Concurrency problems in distributed databases.

Some problems which occur while accessing the database are as follows:

1. Failure at local locations
When system recovers from failure the database is out dated compared to other locations. So it is necessary to update the database.

2. Failure at communication location
System should have a ability to manage temporary failure in a communicating network in distributed databases. In this case, partition occurs which can limit the communication between two locations.

3. Dealing with multiple copies of data
It is very important to maintain multiple copies of distributed data at different locations.

4. Distributed commit
While committing a transaction which is accessing databases stored on multiple locations, if failure occurs on some location during the commit process then this problem is called as distributed commit.

5. Distributed deadlock
Deadlock can occur at several locations due to recovery problem and concurrency problem (multiple locations are accessing same system in the communication network).

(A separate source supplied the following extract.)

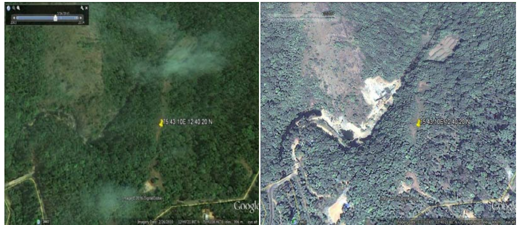
Fig 5.2: (a) Imagery dated 26/2/2010 of the site; (b): Imagery dated 7/2/2014 of the site

The matter was taken to the Karnataka High Court which ordered (June 2014) for obtaining necessary approval for diversion under FC Act. In reply, the PCCF -WL stated that the PCCF- Head of Forest Force (HoFF) is seized of this issue, the wildlife wing in close association with PCCF-HoFF would follow up this case scrupulously. It was, however, observed that the project had been commissioned in June 2016.

Concurrency Controls in distributed databases

There are three different ways of making distinguish copy of data by applying:

1) Lock based protocol
A lock is applied to avoid concurrency problem between two transaction in such a way that the lock is applied on one transaction and other transaction can access it only when the lock is released. The lock is applied on write or read operations. It is an important method to avoid deadlock.

2) Shared lock system (Read lock)
The transaction can activate shared lock on data to read its content. The lock is shared in such a way that any other transaction can activate the shared lock on the same data for reading purpose.

3) Exclusive lock
The transaction can activate exclusive lock on a data to read and write operation. In this system, no other transaction can activate any kind of lock on that same data.